Total eclipse of the plot: Bruckheimer, Schopenhauer and the essence of music in Beverly Hills Cop (1984)

Ask yourself this question: can you rehearse to yourself the plots of Eddie Murphy flicks Trading Places (1983) and Coming to America (1988)? How many scenes come to mind? Maybe you’re thinking of the one scene in Trading Places where Murphy’s character is pretending to be blind. Or you might be thinking of the barbershop scenes from Coming To America. Now ask yourself whether you can remember any particularly funny scene from Beverly Hills Cop (1984)… No? Try searching YouTube to refresh your memory: it just doesn’t yield anything memorable. Well… except for the theme. That one you can remember, right?

The plot from Beverly Hills Cop (directed by Martin Brest, starring Eddie Murphy, produced by Jerry Bruckheimer) is remarkably forgettable. I rewatched it yesterday and already the details are starting to fade from my mind. Eddie Murphy plays Axel Foley, a New York cop (or was that Detroit?), whose friend is killed early on in the film, carrying stolen bearer bonds (or was that cocaine?). It doesn’t really matter, the point is that he travels to Beverly Hills to investigate the murder. Of course, Foley finds the murderer: a Russian (or was he German? English?) mobster dealing in drugs (stolen art? illegal arms?) and defeats him in a “thrilling” action scene conclusion. The extent to which plot points like these are interchangeable is baffling enough, the action is boring, the humor not particularly funny. On top of all that, the whole story itself feels stale, unimaginative: a mere cash vehicle meant to ride the wave of Murphy’s popularity during the 80’s. But still… the film is weirdly enjoyable.

This is because Beverly Hills Cop illustrates, acoustically speaking, the eclipse of plot through music. It does so with overpowering brutality, like no other film ever has. There have been similar experiments in the history of film, I am thinking of Lola Rennt, but even this film was carried by a plot that still meaningfully sustains a hold on the mind: we remember what the film was about. Not so with Beverly Hills Cop, it took a master of mass consumption like Jerry Bruckheimer to realize that storylines and character arcs do not recede into the background per se, i.e. whenever the music is memorable enough. On the contrary, think of a film like Once Upon a Time in the West (directed by Sergio Leone). Leone actually directed the movie around Ennio Morricone’s original score, instructing his actors to listen to the music and act so as to fit their assigned themes. The result was a film that became all the more memorable in spite of, or more probably just because the music was so important. A distinctive score, in this case, strengthens the plot.
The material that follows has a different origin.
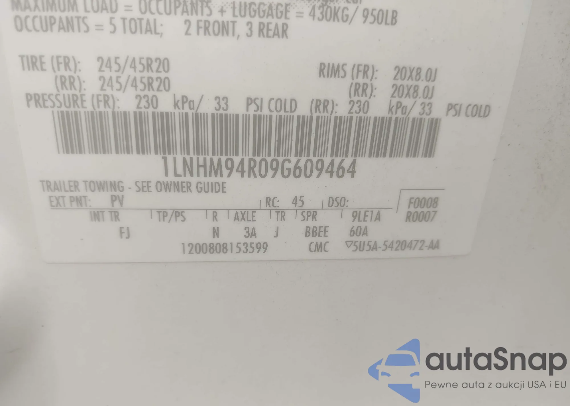 LOT: 42959082 VIN: 1LNHM94R09G609464
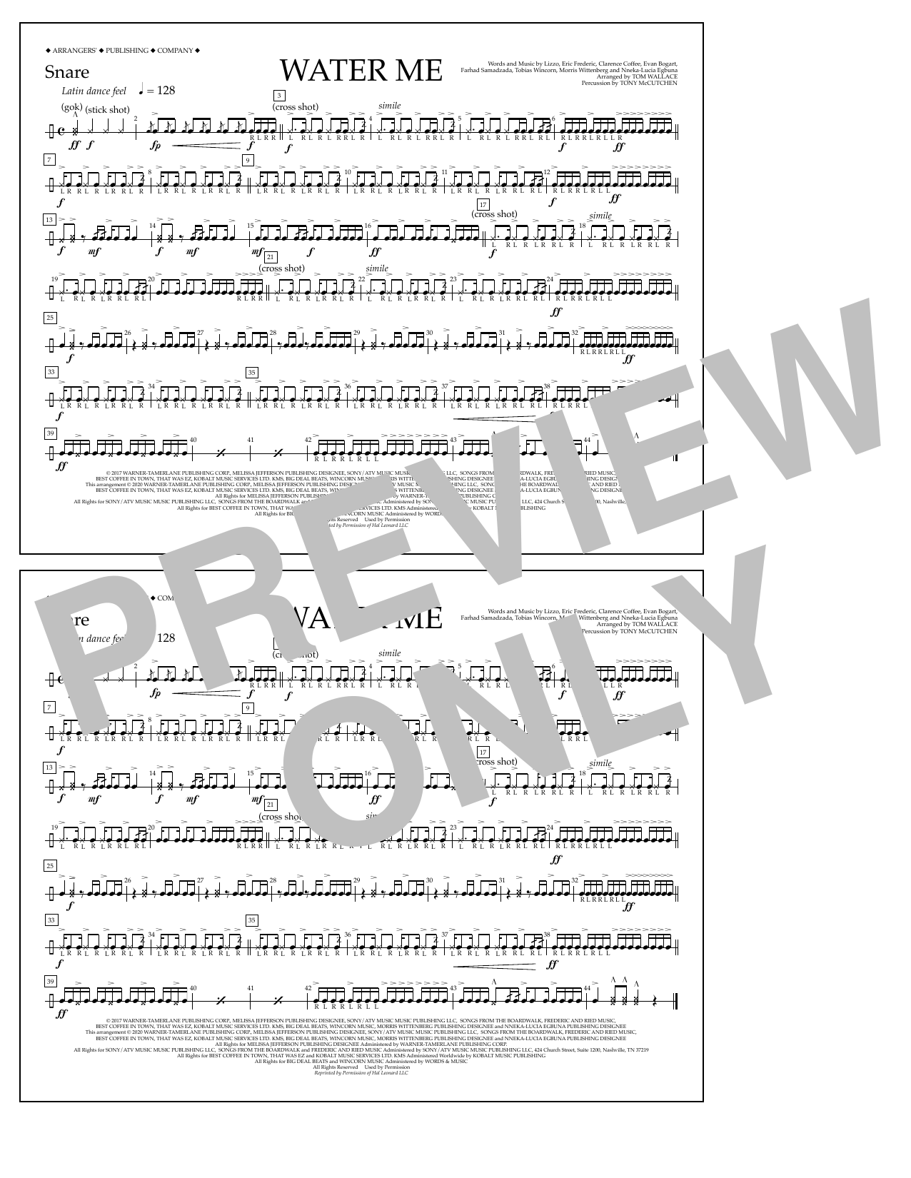 Download or print Lizzo Water Me (arr. Tom Wallace) - Snare sheet music, chords and digital score arranged for Marching Band. This Pop score includes 1 page(s).

What Bruckheimer c.s. did, amounts to precisely the opposite movement: they made every part of Beverly Hills Cop immaterial, interchangeable and fleeting, including the music. There is nothing distinctive about the theme, it’s just catchy. Absolutely no thought went into the film’s score, as long as it was danceable (apparently, the music during the strip club scene was chosen by the dancer herself). In so doing, Bruckheimer realized what Arthur Schopenhauer had more than a century before: that there is a fundamental asymmetry between music and the other arts.

Schopenhauer villain
Not at all a James Bond villain: Arthur Schopenhauer (via Wikimedia Commons)

For Schopenhauer, the primordial principle of life is will: every live being mantains its existence through willing. However, according to Schopenhauer, willing at the same time amounts to suffering (showing a slight Buddhist influence here): that which wills, is needy, lacking, incomplete and therefore suffering. Art is special because it allows us to contemplate this principle of suffering: through the arts, we are allowed a fleeting glimpse of the tragedy of existence, without being subjected to it. However, among the arts, music is more special than others. Whereas arts like painting, sculpture, literature, etc., present to us the awful situation of the human condition, music does not represent or present anything. The former arts act like a vessel by which we can contemplate from afar the principle of life (or: suffering). By contrast, through music, we are allowed to intuit the principle itself, still without being subjected to it.

Thus it was inevitable for Beverly Hills Cop to turn into something more akin to a soundscape rather than a film: once every single aspect of this Gesamtkunstwerk attained the same level of mediocrity, necessarily the music came to block out storyline, acting performance, set design and whatever else they award Oscars for. Merely by ensuring a steady flow of catchy beats, Bruckheimer was able to produce the single most solemn meditation of human suffering on earth. Watching Beverly Hills Cop is entertaining, but it’s also torture, a real ‘delightful horror’.